Proposed cuts to the Medicare payment rates for drugs that hospitals acquire under the 340B Drug Pricing Program, if enacted, could have devastating consequences for the low-income and uninsured patients that receive care from the nation’s safety net hospitals, according to pharmacy group ASHP.

The new rule on outpatient payment rates for hospitals and ambulatory surgical centers, proposed by the Centers for Medicare & Medicaid Services, would reduce the reimbursement for drugs acquired through the federal 340B program from average sales price (ASP) plus 6 percent to ASP minus 22.5 percent.

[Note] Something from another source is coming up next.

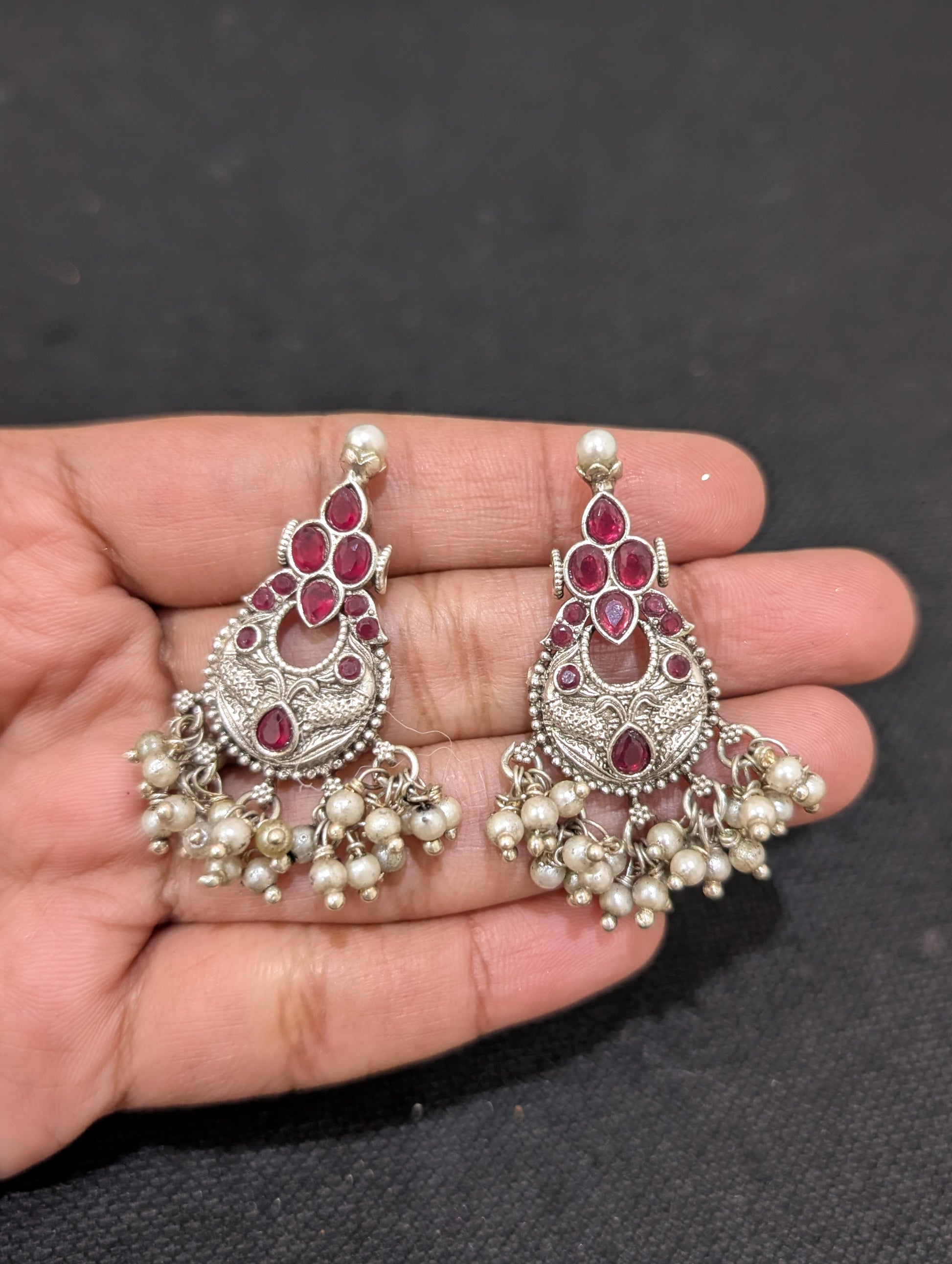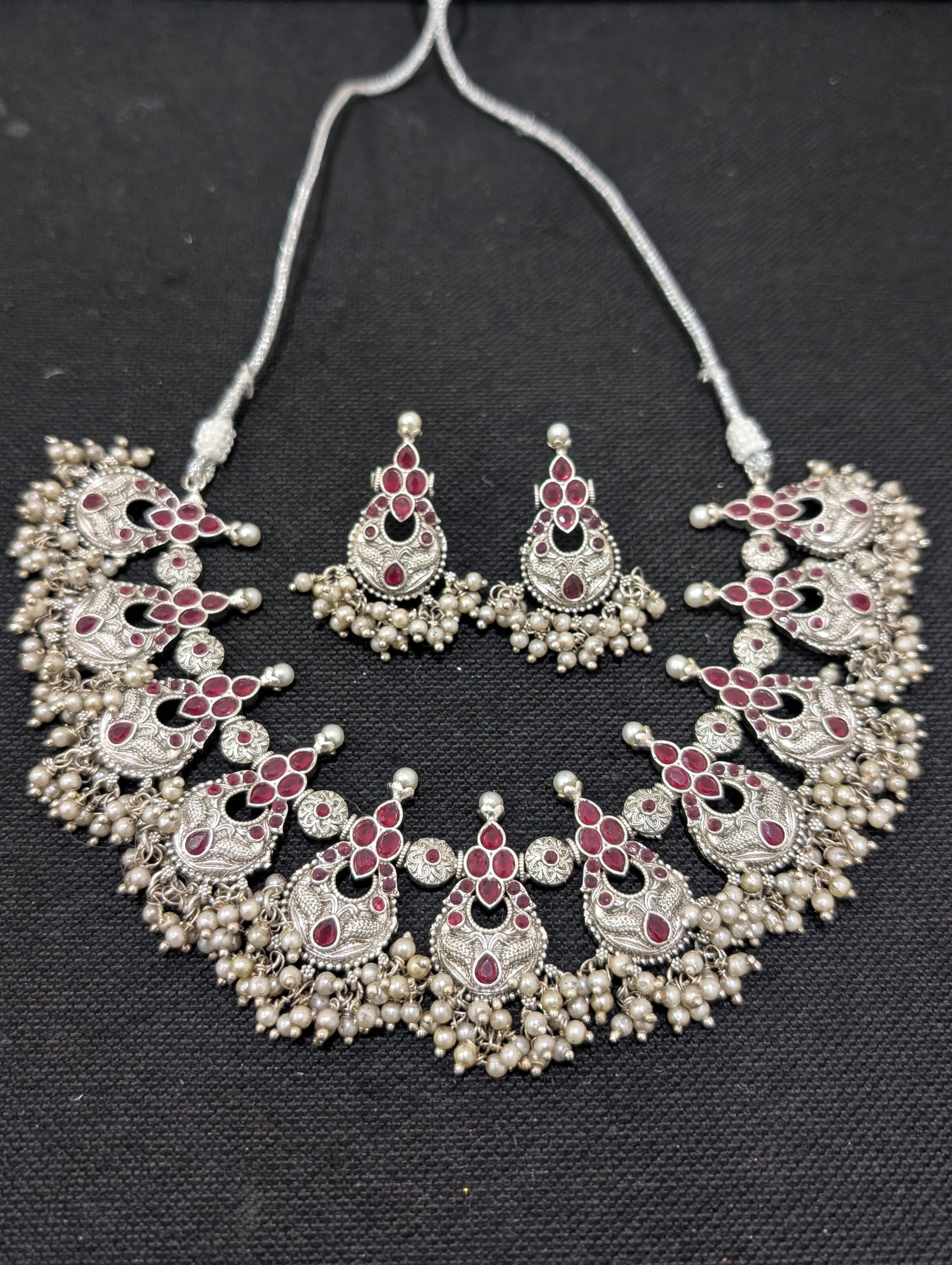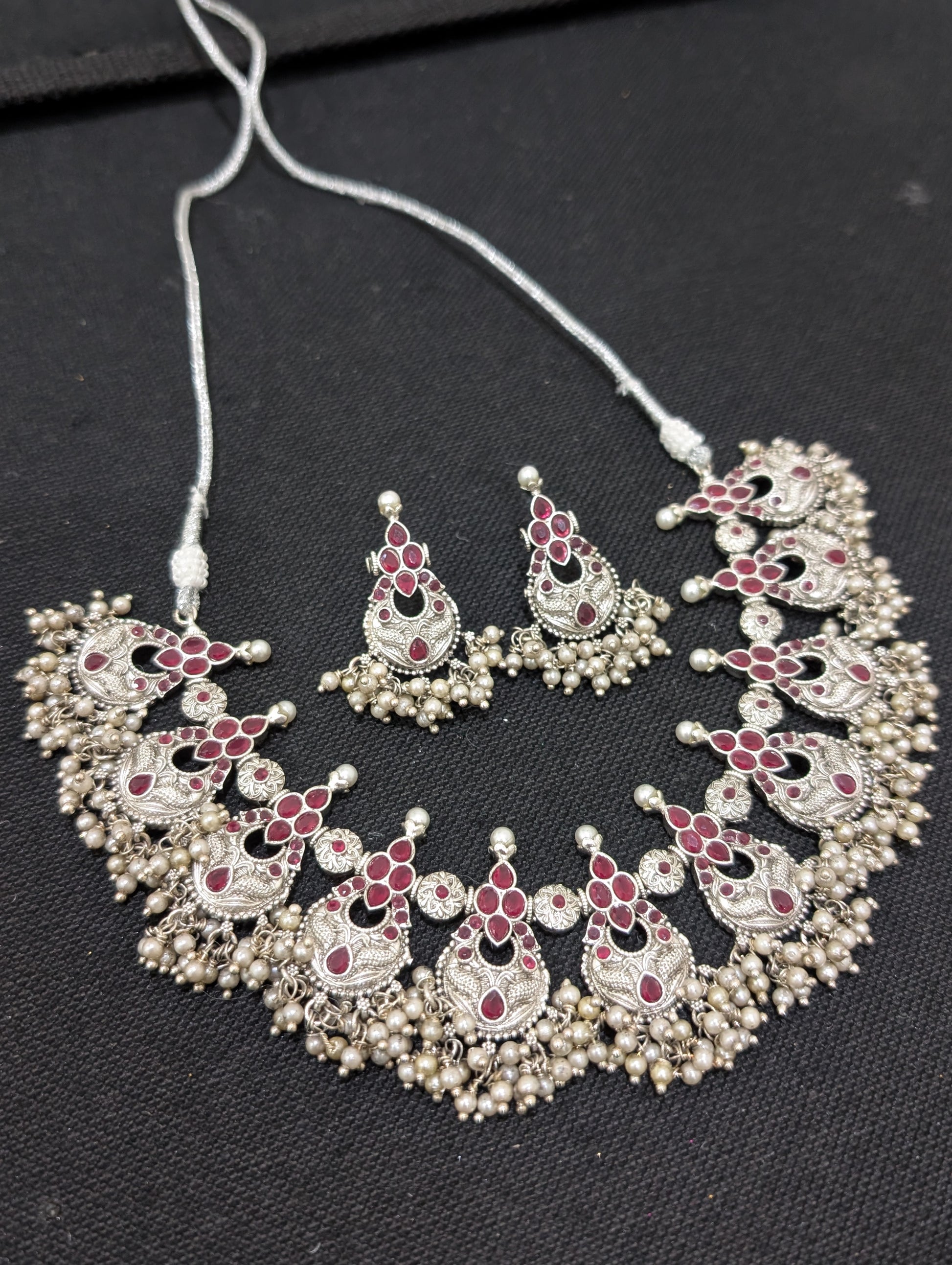Antique Silver Guttapusalu CZ Choker necklace and Earrings set

“The CMS proposal to reduce reimbursement of 340B-purchased drugs has the potential to be very harmful to the sickest and most vulnerable patients by endangering their access to essential healthcare services,” said ASHP Chief Operating Office and Senior Vice President Kasey K. Thompson, Pharm.D., M.S., M.B.A. “These changes run counter to the statutory intent of the federal 340B program and will incur a steep cost to the people and the organizations that can least afford it.”

The 340B drug-discount program allows community safety net providers — organizations that serve low-income patients, including critical access, children’s, and cancer hospitals — to provide care for tens of millions of uninsured and underinsured people every year. The discounts allow 340B-eligible entities to provide free or low-cost medications, establish programs to increase medication adherence, and provide additional screening and preventive care services.

ASHP is currently gathering member feedback on how this reimbursement change will impact covered entities. ASHP will submit detailed comments outlining the impact of the proposal on ASHP members and their patients and organizations in advance of CMS’ September 11 deadline.